Fundamentally, the conduct of the current leadership of the Labour Union, which has blatantly demonstrated partisanship by publicly associating with the Labour Party, has rendered it unfit to lead any protest in Imo State, for instance, on the eve of an election that its ‘party’ fielded a strong candidate.

The clear reading of labour’s protest in Imo is that it was a political rally aimed at garnering votes for its chosen candidate and not a move to press home the demands for workers’ welfare.

The NLC is now seen as an interested party, and not a neutral, nonpartisan body, in the political chess game. So, its action is always viewed from the prism of its involvement in, and sympathy for, the Labour Party.

As a matter of fact most Nigerians, including a large percentage of the workers themselves, view the NLC under the current leadership as having derailed from championing both the cause of the workers and economic development of the country.

To many, that NLC’s protest in Imo State was aimed at campaigning for the Labour Party candidate. The talk about clamour for the welfare of Imo workers was merely a smokescreen.

It appears the leadership of the workers’ union is unperturbed with public perception of organised labour as a group that has taken sides, this time around, not with the masses but with a certain political party.

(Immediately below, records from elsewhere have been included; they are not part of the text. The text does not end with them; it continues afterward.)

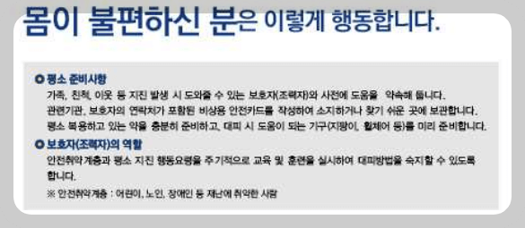 ◦ 주변사람들에게 청각장애가 있다는 것을 알리고 안전한 장소로 유도 및 필
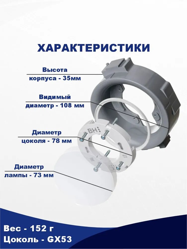 Отзывы на Встраиваемый светильник для натяжного потолка BH53 "Втяжка" под лампу GX53, белый ВН53, D111х128х35мм IP20
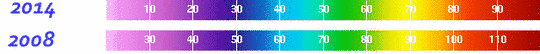 Was hier gemacht wurde: Man die Farbskala verschoben, jedoch die Temperaturspanne der jeweiligen Farbe gleich gelassen. Zum Vergleich folgen hier die beiden Farbskalen:
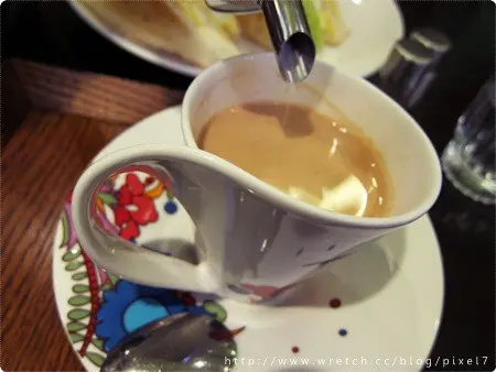 紅茶歐蕾,香橙口味(150),一整壺上桌,可自己添加糖,附帶一提我覺得咖啡弄的杯子很有趣。
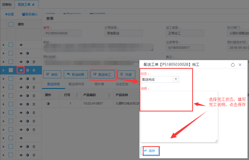 对于"已派工"、"执行中"、"暂挂"等单据,可以手动完成工单,进入查看页面,点击<配送完工>按钮,弹出操作框,可选择完工状态,填写完工说明,点击保存即可完成操作。
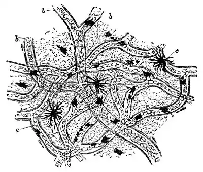 In bats the heart is aided by the rhythmic contraction of the veins in the wing. Other accessory hearts of the lower animals have already been mentioned. In some of the lowest creatures, the cause of the circulation may be wholly the movements of the body, as in the jelly-fish and anemone; or by cilia, as in the sponge, where the sea-water answers to blood.
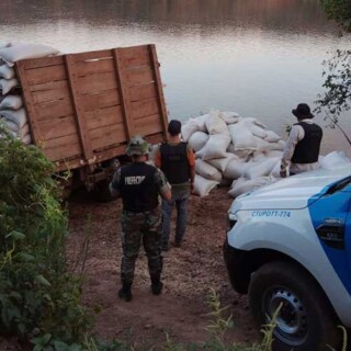 Asimismo, sobre el kilómetro 1.150,1 del mismo río, se aprehendió a otros dos individuos que descargaban bultos desde un camión y se consiguió secuestrar 121 bolsas de soja, con un peso total de 6.050 kilos.
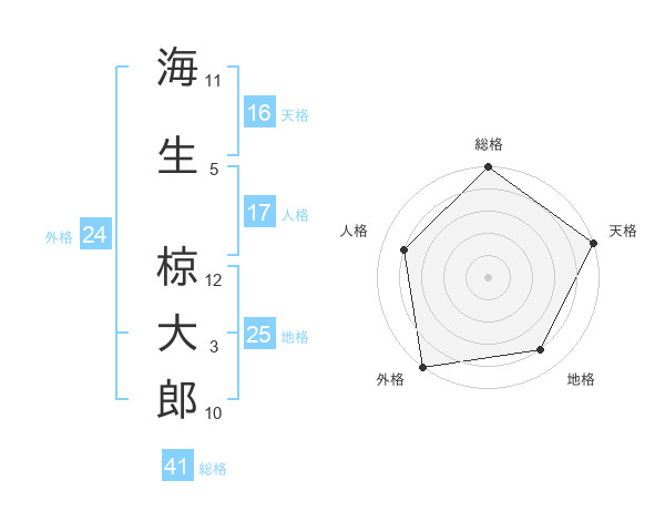 海生 椋大郎さんの総格は41画の5点!
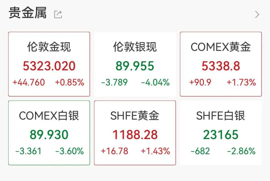 金银短线跳水,现货黄金跌至5323美元/盎司。现货白银一度跌5%,现跌4.04%,报89.9美元/盎司。
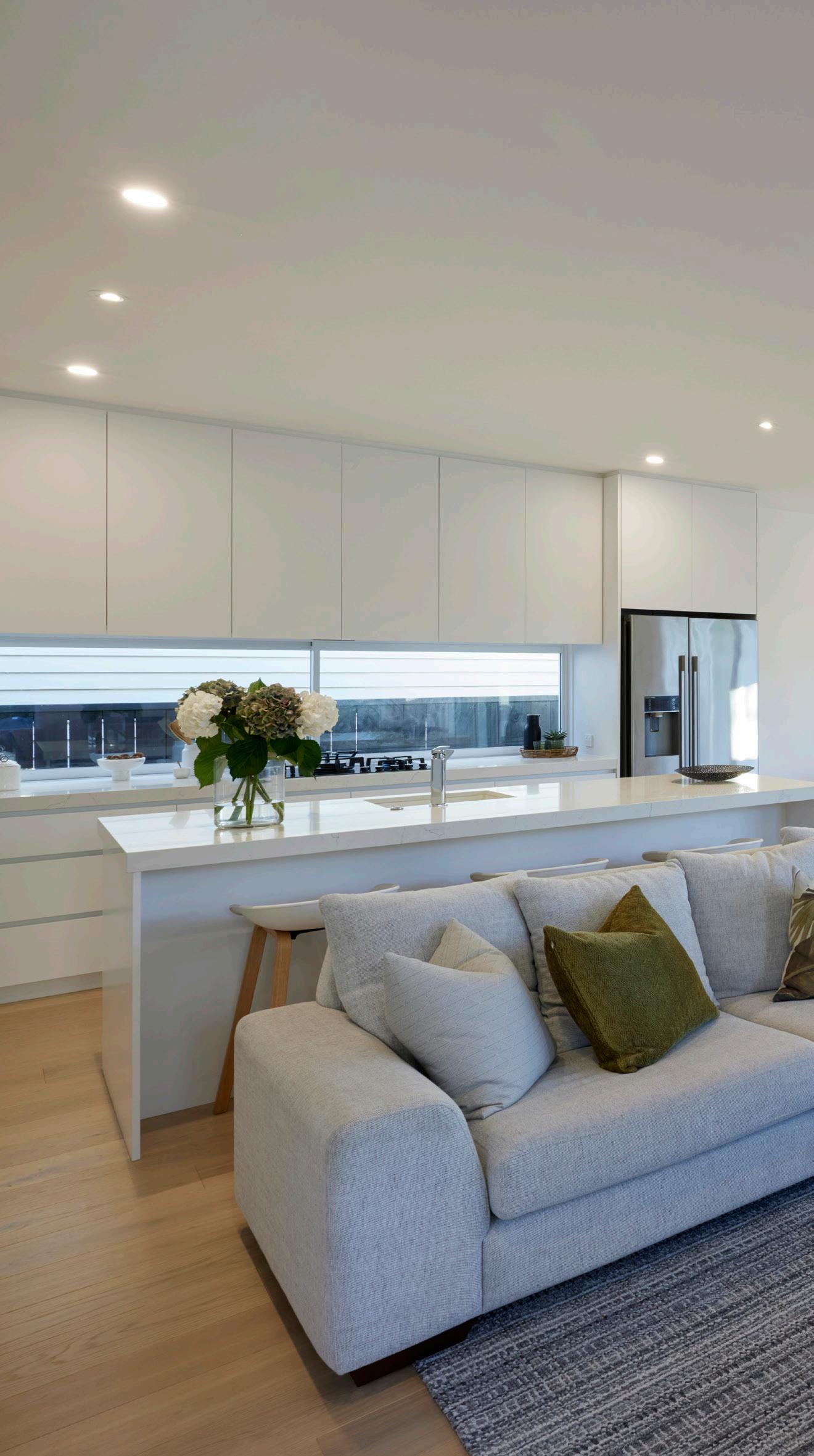 The striking pavilion ceiling helps to create the illusion of more space and contributes to a Hamptons-inspired home. The neutral colour palette inspired by New Zealand’s beautiful coast, helps to define a Hamptons-style home with a Kiwi touch.
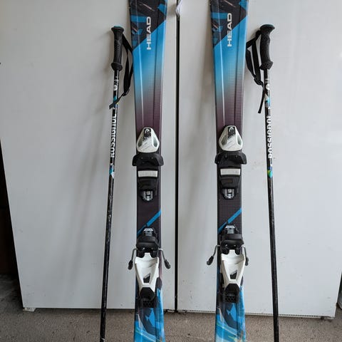 Head laskettelusukset ja siteet lapselle. Ensimmäiseltä käyttäjältä (ostettu 2022) ja vähälle käytölle jääneet. Muutama jälki pohjissa, jotka näkyy kuvissa.
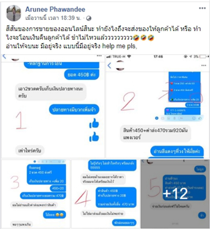 จากกรณีผู้ใช้เฟซบุ๊ค Arunee Phawandee ได้มีการโพสต์ภาพแชทสนทนาระหว่างตัวเองกับลูกค้า ที่เรียกได้ว่าอ่านแล้วปวดสมองไปตามๆกัน โดยผู้โพสต์ระบุว่า สีสันของการขายของออนไลน์สินะ ทำยังไงถึงจะส่งของให้ลูกค้าได้ หรือ ทำไงจะโอนเงินคืนลูกค้าได้ ขำไม่ไหวแล้ววววววววว อ่านให้จบนะ มีอยู่จริง แบบนี้มีอยู่จริง help me pls พี่เขาให้เลขบช มา เรานี่รีบเอาเงินส่วนตัวโอนเลยจ้าา แต่ข้อความแรกที่ทักมา รอสินค้าครับผม โอ้ยยย สาบานว่าเรื่องจริง ไม่เฟค ไม่เตี๊ยม บ่โปรโมท บ่อีหยังทั้งสิ้นจ้า เกือบโดนจับละเนาะ
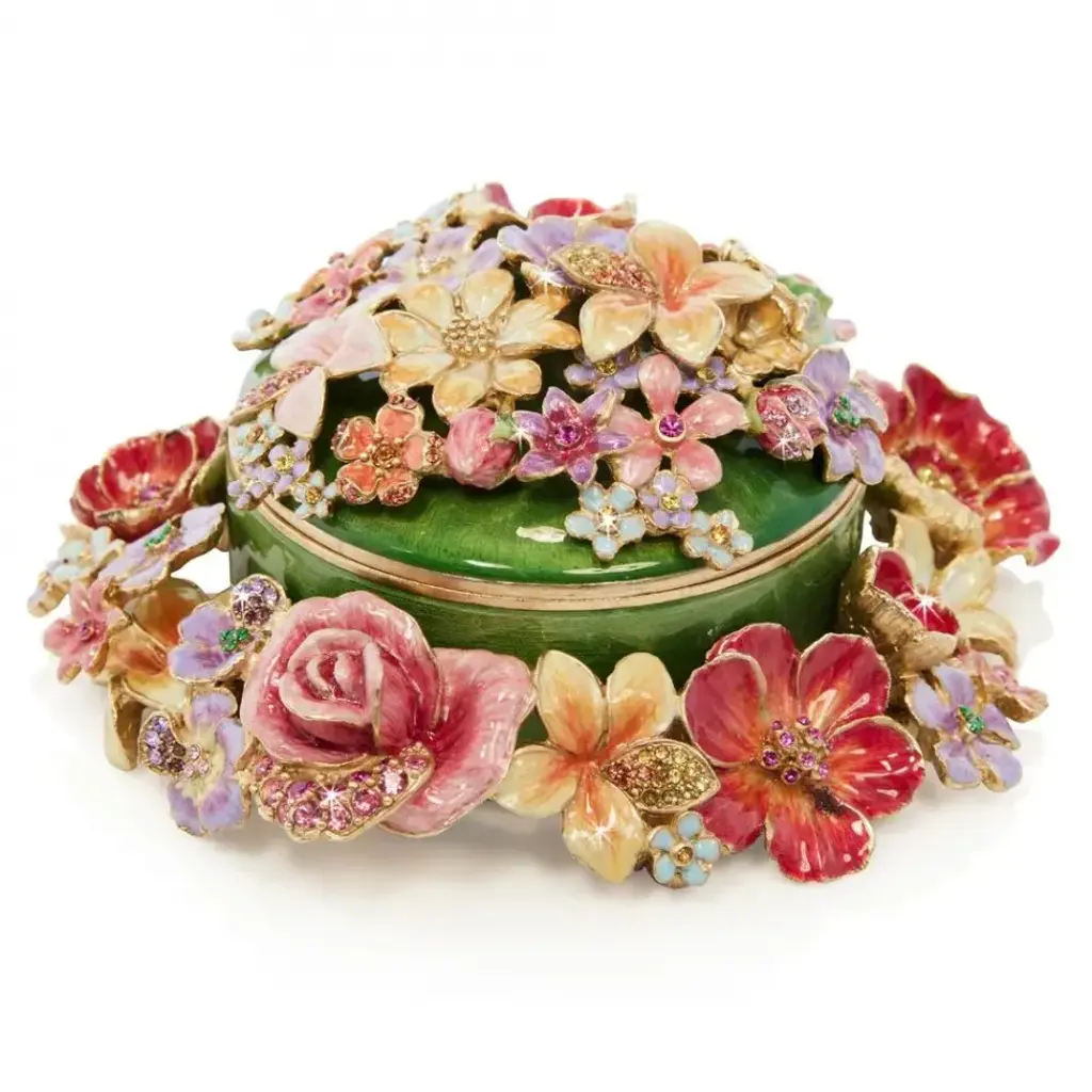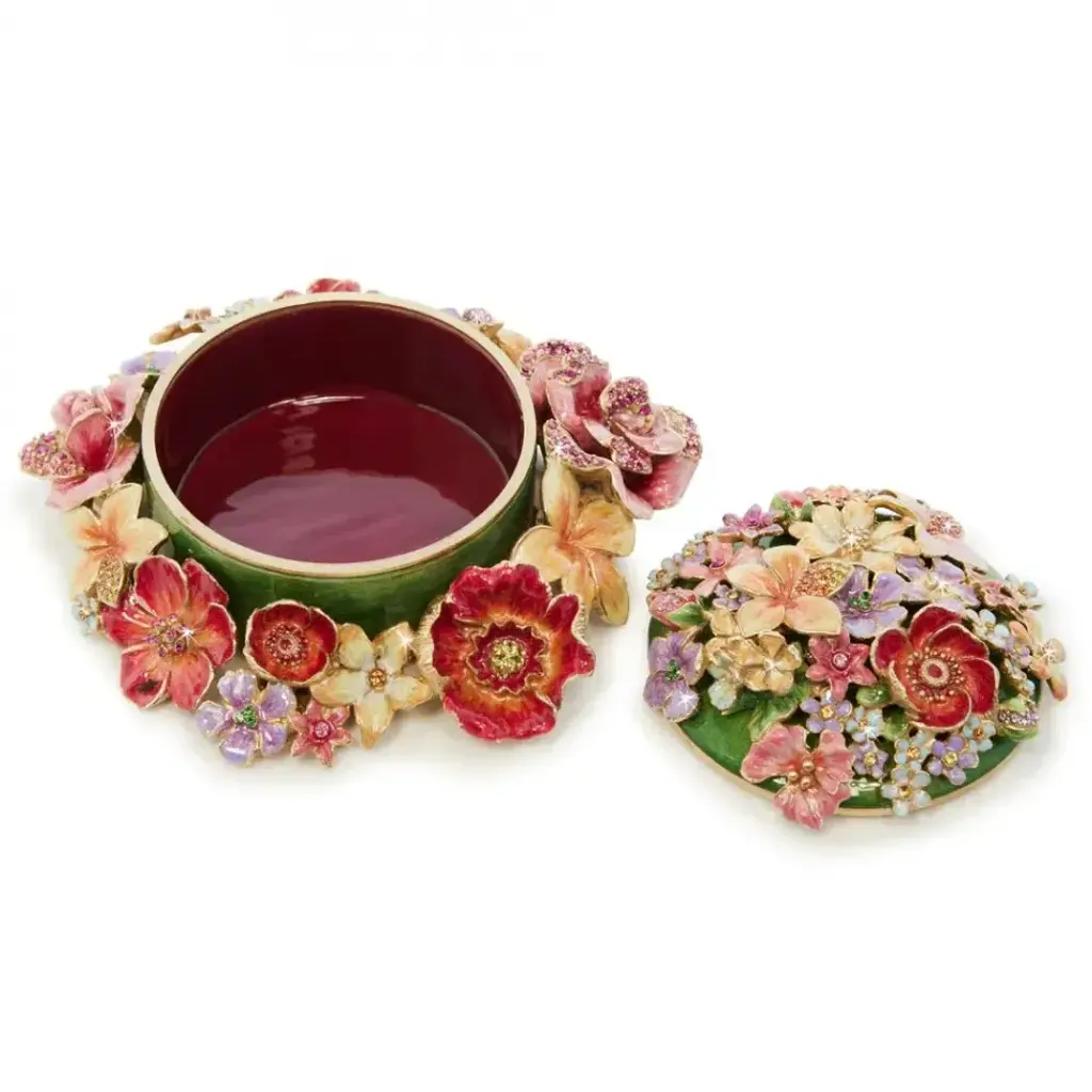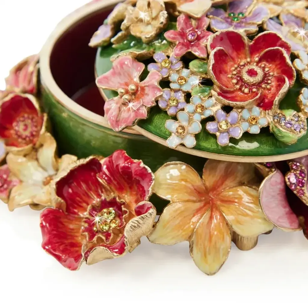 A rainbow of flowers cascades down and around the charming Ivy Bouquet Box. Fill with your treasures or gift to your loved ones. This box is hand enameled with stunning shades, plated in 14K gold and the sparkling crystals are meticulously handset on each flower's petals.
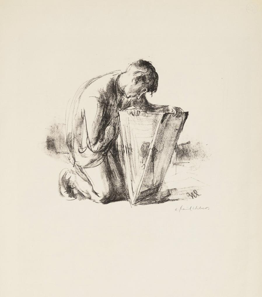 Das Motiv wurde als Signet der Griffelkunst-Vereinigung Hamburg für Postkarten, Briefpapier, Stempel und Wasserzeichen verwendet. Randbereich leicht griffspurig.
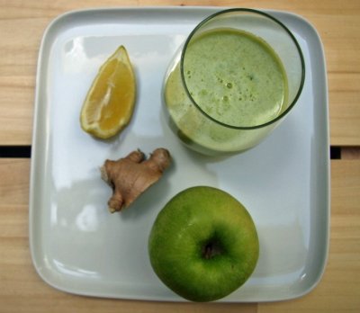 Dilediğiniz renkte taze ve olabildiğince doğal bir elma ve küçük bir miktar taze zencefilin suyunu sıkın. (Bunun için kullanabileceğiniz en ideal araç katı meyve sıkacağı olacaktır.) Ardından bir limonu taze taze sıkarak 2 yemek kaşığı limon suyu çıkarın. Malzemelerinizi ölçüp hazırladıktan sonra hepsini temiz bir bardağın içinde güzelce karıştırın ve işte bu kadar!
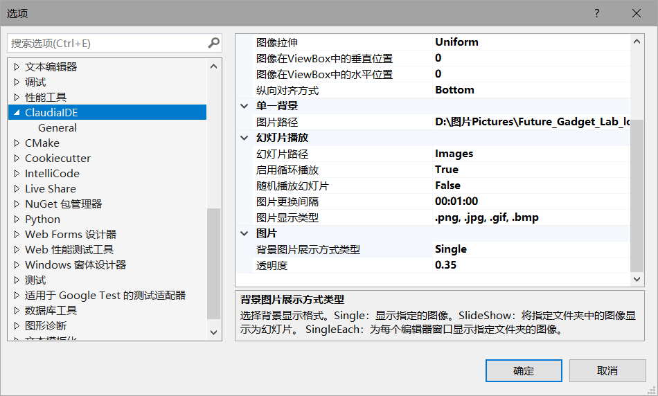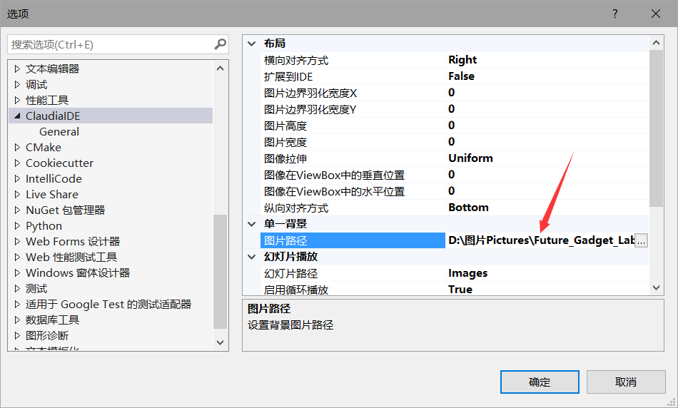 安装完成后在菜单栏打开工具-选项,左侧菜单栏下拉找到ClaudiaIDE

Nonetheless, Labour must be told in unmistaken terms that it needs to strive to distinguish itself as a union and resist attempts to hide under the umbrella of unionism to play partisan politics, a costly mistake that will definitely weaken its impacts and influences.

 

Contempt As A Dent

As if playing partisan politics in the way and manner it currently does is not damaging enough, the organised labour has added another appellation to its name. It is difficult to rationalise labour’s decision to embark on strike when there is a court order barring it from taking such action.

To hear that the union is in contempt of court is not pleasing to the ear. How can one even rationalise a strike that was largely to protest a brutality that the nation’s Inspector General of Police, Kayode Egbetokun, has ordered for an investigation? Even if the organised labour feigned ignorance of the IGP’s directive, should it not have halted action because of the order by the National Industrial Court?

Clearly, the current strike smacks of a deliberate attempt to make industrial action a commonplace. Labour should urgently redefine its strategy and embark on strike only when it is absolutely necessary.

Moving beyond conventional strikes to explore legal avenues in a matter like that of the attack on Ajaero, maintain political neutrality, and adhere to legal boundaries can position the country’s organised labour as a potent force for positive change without compromising the nation’s economic stability.